Personal information
- Born: July 27, 1998 (age 28) Aberdeen Township, New Jersey, U.S.
- Listed height: 6 ft 1 in (1.85 m)
- Listed weight: 217 lb (98 kg)

Career information
- High school: St. John Vianney (Holmdel Township, New Jersey)
- College: Boston College (2016−2019) Oregon (2020−2021)
- NFL draft: 2022: undrafted

Career history
- Baltimore Ravens (2022); Las Vegas Raiders (2024)*; Buffalo Bills (2024)*; Arizona Cardinals (2024)*; Buffalo Bills (2024)*; Houston Roughnecks (2025); Montreal Alouettes (2026);
- * Offseason or practice squad member only

Career NFL statistics
- Passing completions: 22
- Passing attempts: 49
- Completion percentage: 44.9%
- TD–INT: 0–2
- Passing yards: 302
- Passer rating: 48.2
- Stats at Pro Football Reference

= Anthony Brown (quarterback) =

American football player (born 1998)

Anthony Almein Brown Jr. (born July 27, 1998) is an American professional football quarterback.
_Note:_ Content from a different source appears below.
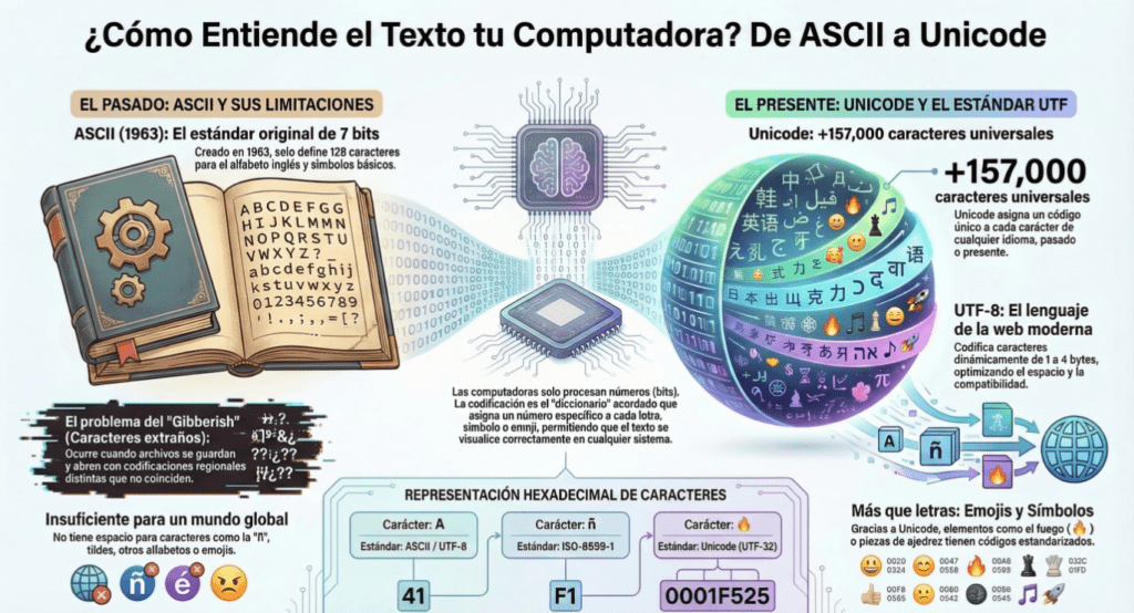 Las computadoras no entienden letras, palabras ni idiomas de la forma en que lo hacen las personas. Para una máquina, todo se reduce a números representados en bits. Cada carácter que aparece en una pantalla —ya sea una letra, un número, un símbolo o incluso un emoji— está asociado a un código numérico específico. Este sistema de correspondencias funciona como un diccionario digital que permite convertir texto humano en datos que el hardware puede procesar.

He played college football for the Boston College Eagles and Oregon Ducks. He has played professionally in the National Football League (NFL) for the Baltimore Ravens, in the United Football League (UFL) for the Houston Roughnecks, and in the Canadian Football League (CFL) for the Montreal Alouettes.

==Early life==
Brown grew up in the Cliffwood section of Aberdeen Township, New Jersey, and attended St. John Vianney High School in Holmdel Township, New Jersey. He became the team's starting quarterback going into his junior year and passed for 2,198 yards and 25 touchdowns while rushing for 839 yards and eight touchdowns. As a senior, he passed for 2,298 yards and 33 touchdowns while rushing for 604 yards and nine touchdowns and was named first-team All-State and the Shore Conference Football Player of the Year.

==College career==

=== Boston College ===
Brown redshirted his true freshman season at Boston College. The next year, Brown became the second freshman in school history to start a season opener and completed 134 of 258 passes for 1,367 yards and 11 touchdowns with nine interceptions before he suffered a season-ending knee injury. He started all 12 of the Eagles' games and completed 158 of 285 pass attempt for 2,121 yards with 20 touchdowns and nine interceptions in his redshirt sophomore season. As a redshirt junior, Brown completed 81-of-137 passes for 1,250 yards with nine touchdowns and two interceptions before suffering a season-ending knee injury six games into the season. After the firing of head coach Steve Addazio at the end of the season, Brown announced that he would be leaving Boston College with the intention of playing elsewhere as a graduate transfer. He committed to transfer to Oregon over Georgia, Mississippi State, Colorado, Michigan State, Vanderbilt, South Florida, and Northern Illinois.

=== Oregon ===
Brown began his first season at Oregon as the backup to starter Tyler Shough. He made his first appearance for the Ducks in the 2020 Pac-12 Football Championship Game, where he played mostly in goal line situations and completed three of four pass attempts for 17 yards and two touchdowns as Oregon won 31–24 over the USC Trojans. Brown replaced Shough in the second quarter of the 2021 Fiesta Bowl against the Iowa State Cyclones and finished the game with 12-for-19 for 147 yards and two rushing touchdowns in a 34–17 loss. After the season, Brown opted to utilize the extra year of eligibility granted to college athletes who played in the 2020 season due to the coronavirus pandemic.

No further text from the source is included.